Hello, there.

In message "[ruby-talk:00442] Re: Now another totally different ;-)"
    on 99/07/09, Clemens Hintze <c.hintze / gmx.net> writes:

|But I have another opinion! May I explain my reasons?

Sure.  In summary, I have to admit I treat Enumerable as ordered
sequence for some methods, e.g. index, sort, etc.  So I can agree with
adding a number indexing method to Enumerable.  But not [], because it
is used by Hash in different meaning.  I want methods sharing same
name also share same conceptual meaning, at least among standard class
library.

|3. I have not thought very deeply, but I would think, that every class
|   which provides an `each' method, would define a certain kind of
|   sequence then! I don't believe that there would be a class, which
|   would deliver different sequences during two successive calls of
|   e.g. Enumeration#collect.
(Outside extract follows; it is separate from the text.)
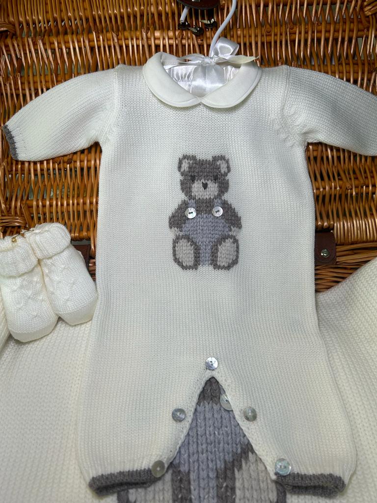 Tutina in 100% lana merinos lavorato a mano con ricamo orsetto, apertura sul retro e tra le gambe con bottoni in madreperla. Colletto bianco in piquet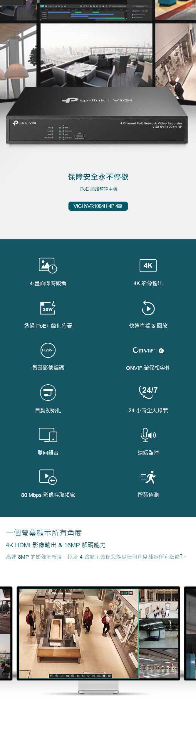- 4K HDMI 影像輸出 & 16MP 解碼能力: 提供高達 8MP 的更清晰影像解析度以及 4 路畫面顯示,確保您可以從任何角度捕捉所有細節†。

That means:
|	c = <any class import Enumeration>::new
|	# ... fill c
|        a1 = c.collect{|e| e}
|	a2 = c.collect{|e| e}
|	a1 == a2

File, for example.

|That could remain so. If appearing in conditional expressions, do it
|like now (complex operation; statement). If it appears in non-conditional
|expression, perform a method call (simple operation)!

Possible.  I'll consider.
                                                matz.